Q1 居住契約の物件を転貸 法人使用で家賃は課税対象?

 

 居住用として契約している賃貸物件を、私が代表を務める法人に転貸してオフィスとして使用します。消費税の仕入控除をしてよいのでしょうか。

 

A1 契約書に「居住用」と明記されていて、そのまま契約の変更がなければ、実態が事務所でも消費税は非課税です。契約変更で「事務所利用」と明記すれば課税対象になり、仕入税額控除が可能になります。

 

 居住用か否かは、原則、契約書などで判断します。「居住用」と契約段階で明示されている住宅の貸付けは非課税取引になります。たとえ実際に事務所として使われていても、契約書が居住用のままなら課税仕入れには当たらず、仕入税額控除もできません。

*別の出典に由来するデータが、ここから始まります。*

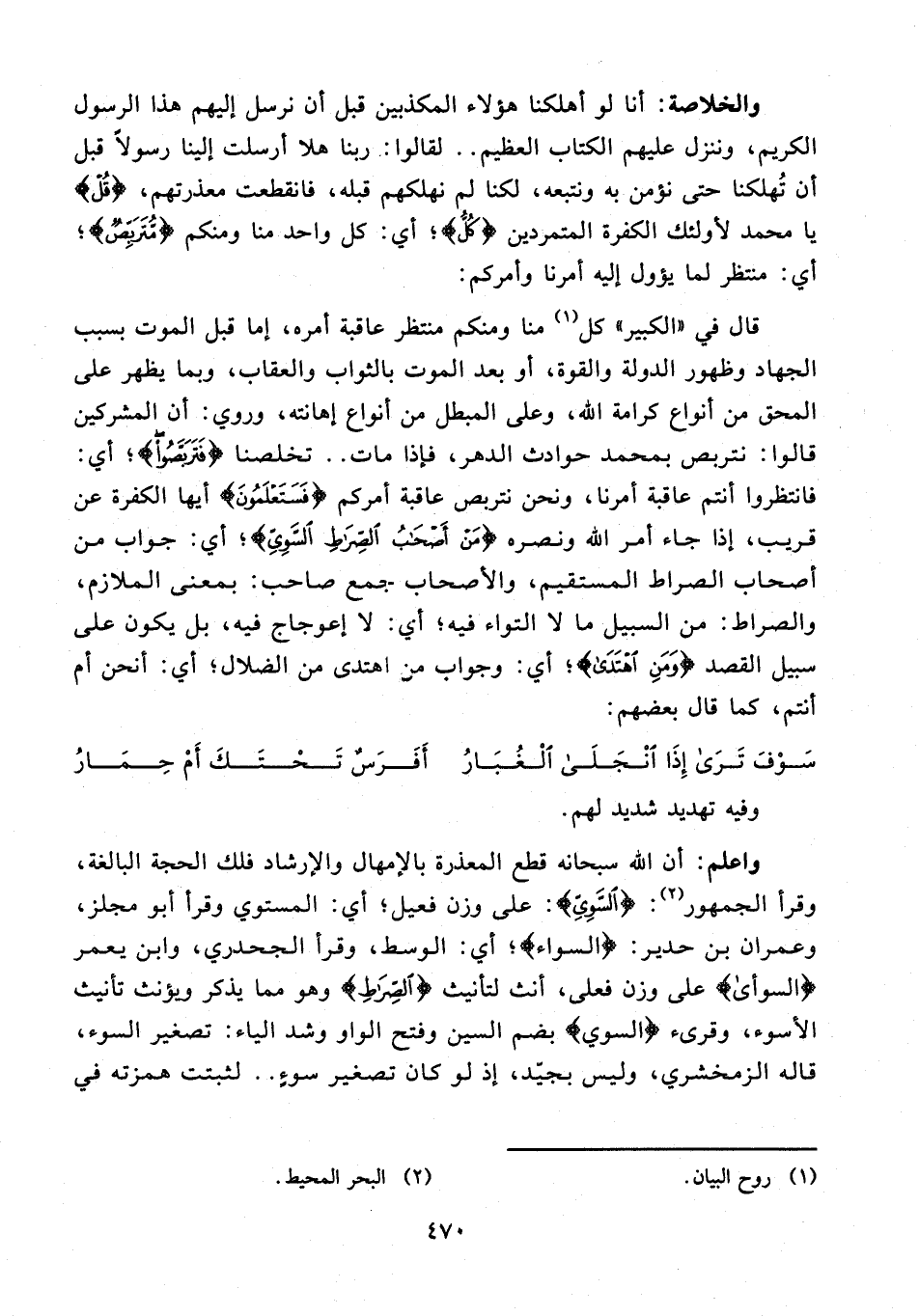 واعلم: أن الله سبحانه قطع المعذرة بالإمهال والإرشاد ذلك الحجة البالغة، وقرأ الجمهور (¬2): {السَّوِيِّ}: على وزن فعيل؛ أي: المستوي وقرأ أبو مجلز، وعمران بن حدير: {السواء}؛ أي: الوسط، وقرأ الجحدري، وابن يعمر {السوأى} على وزن فعلى، أنث لتأنيث {الصِّرَاطِ} وهو مما يذكر ويؤنث تأنيث الأسوء، وقرىء {السوي} بضم السين وفتح الواو وشد الياء: تصغير السوء، قاله الزمخشري، وليس بجيّد، إذ لو كان تصغير سوءٍ .. لثبتت همزته في

 契約内容を「事務所利用」など事業用途に変更し、契約書でその事実を明記すれば、その利用分は課税対象となり、借り手も仕入税額控除が可能になります。法人への転貸でも基本的に同様の判断基準です。契約に事業用途が明記されていなければ非課税ですが、転貸契約で用途が示された場合は課税になります。

 また、社宅形態で従業員に貸す場合、契約で住宅用途が明示され、共益費や駐車場利用料も家賃に含まれているなら、非課税となります。

 

 

 原則として実態より契約内容が優先されますが、実態と契約が乖離していると税務署に指摘されて課税対象となる可能性もあります。